У мамы был непочатый запас энергии и жизненной силы. Семья наша была большая, управление домом сложное; одной прислуги было шесть человек: горничная, няня, кухарка, прачка, кучер, дворник. Но для мамы как будто мало было всех хлопот с детьми и по хозяйству. Она постоянно замышляла какое-нибудь весьма грандиозное дело. Когда мне было лет шесть – семь, мама открыла детский сад (предварительно пройдя в Москве курсы фрёбелевского обучения). Это был первый детский сад в России. Он пошел хорошо. Она с такою энергиею и добросовестностью отдалась делу, настолько все старалась завести самое лучшее, что предприятие не только не окупалось, но на него уходил и весь папин заработок. Да и домашнее хозяйство и воспитание собственных детей от этого страдало. Папа, наконец, запротестовал, и, ко времени моего поступления в гимназию, детский сад был закрыт».
«В детстве я был большой рева. Дедушка дал мне пузырек и сказал:
- Собирай слезы в этот пузырек. Когда будет полный, я тебе за него дам двадцать копеек.
Двадцать копеек? Четыре палки шоколаду! Сделка выгодная. Я согласился.
Но не удалось собрать в пузырек ни одной капли. Когда приходилось плакать, я забывал о пузырьке; а случалось вспомнить, - такая досада: слезы почему-то сейчас же переставали течь».
«Мама требовала, чтобы вечером, перед тем, как ложиться спать, мы не оставляли игрушек где попало, а убирали бы их. Конечно, мы постоянно забывали. Тогда мама объявила, что все неприбранные игрушки она вечером будет брать и прятать, как Плюшкин. И рассказала про гоголевского Плюшкина, как он тащил к себе все, что увидит.
Так и стала делать. Неприбранные игрушки исчезали. Иногда бывало, что мы их и не хватимся и забывали о них, иногда хватишься, да уж поздно.
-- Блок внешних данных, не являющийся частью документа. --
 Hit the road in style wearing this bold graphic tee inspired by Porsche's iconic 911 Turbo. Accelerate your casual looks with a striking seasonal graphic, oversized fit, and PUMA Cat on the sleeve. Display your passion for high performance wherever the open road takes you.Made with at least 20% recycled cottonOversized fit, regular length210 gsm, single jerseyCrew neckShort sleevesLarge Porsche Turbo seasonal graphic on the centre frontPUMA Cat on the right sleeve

Раза два в год происходила торжественная разборка «Магазина Плюшкина», - мы его сокращенно называли «Плюшкин магазин». Мама отпирала шкаф, мы нетерпеливо толпились вокруг, она вынимала по одной вещи, выясняла ее владельца, и он получал ее обратно. Много тут было радостей и много неожиданностей, - обретались богатства, о которых давно уже было забыто. Старые, надоевшие игрушки становились как новые».
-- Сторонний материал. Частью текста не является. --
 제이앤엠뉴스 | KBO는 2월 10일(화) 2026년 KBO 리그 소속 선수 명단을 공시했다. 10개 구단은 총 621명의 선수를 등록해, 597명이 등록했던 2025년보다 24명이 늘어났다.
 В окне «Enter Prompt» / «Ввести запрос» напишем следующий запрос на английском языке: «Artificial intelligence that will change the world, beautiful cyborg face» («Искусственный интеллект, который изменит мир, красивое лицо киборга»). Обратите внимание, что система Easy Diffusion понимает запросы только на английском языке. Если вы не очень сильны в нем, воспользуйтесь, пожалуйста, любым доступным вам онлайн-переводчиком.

«Когда мне было 8 лет, я поступил в приготовительный класс гимназии. Синяя кепка, мышино-серое пальто до пят, за плечами ранец с книгами. Однажды мама дала мне поручение. Когда буду идти из гимназии, мама сказала зайти в библиотеку, внести плату за чтение. Я внес, получил сдачу с рубля и соблазнился: зашел в магазин Юдина на Киевской улице (ныне проспект Ленина) и купил пятачковую палочку шоколада. Отдаю маме сдачу.
- Пяти копеек не хватает.
Я сказал беспомощным тоном ребенка, которого немудрено обсчитать:
- Я не знаю, мне столько дали.
Мама сомнительно покачала головою, но ничего не сказала. Мне было стыдно. После обеда я попросил у мамы работы в саду. Кому из нас очень нужны были деньги, тот мог получить у мамы работу в саду или на дворе. Но работа, по нашим силам, была не пустяковая, а оплата не бог весть какая щедрая, поэтому мы брались за такую работу при очень уж большой нужде в деньгах. Мама поручила мне (за пятачок) очистить от травы и сучков площадку под большой липой. Я проработал часа четыре, попотел порядком. Когда пришлось получать плату, я сознался маме, что утром проел пятачок на шоколад и что пусть она зачтет мою плату за этот пятачок. Я ждал, что мама придет в умиление от моего благородства, горячо расцелует меня и возвратит заработанный пятак. И, должно быть, лицо мое неудержимо сияло скромною гордостью. Но мама только сказала – сдержанно и печально:
- Пожалуйста, больше никогда так не делай».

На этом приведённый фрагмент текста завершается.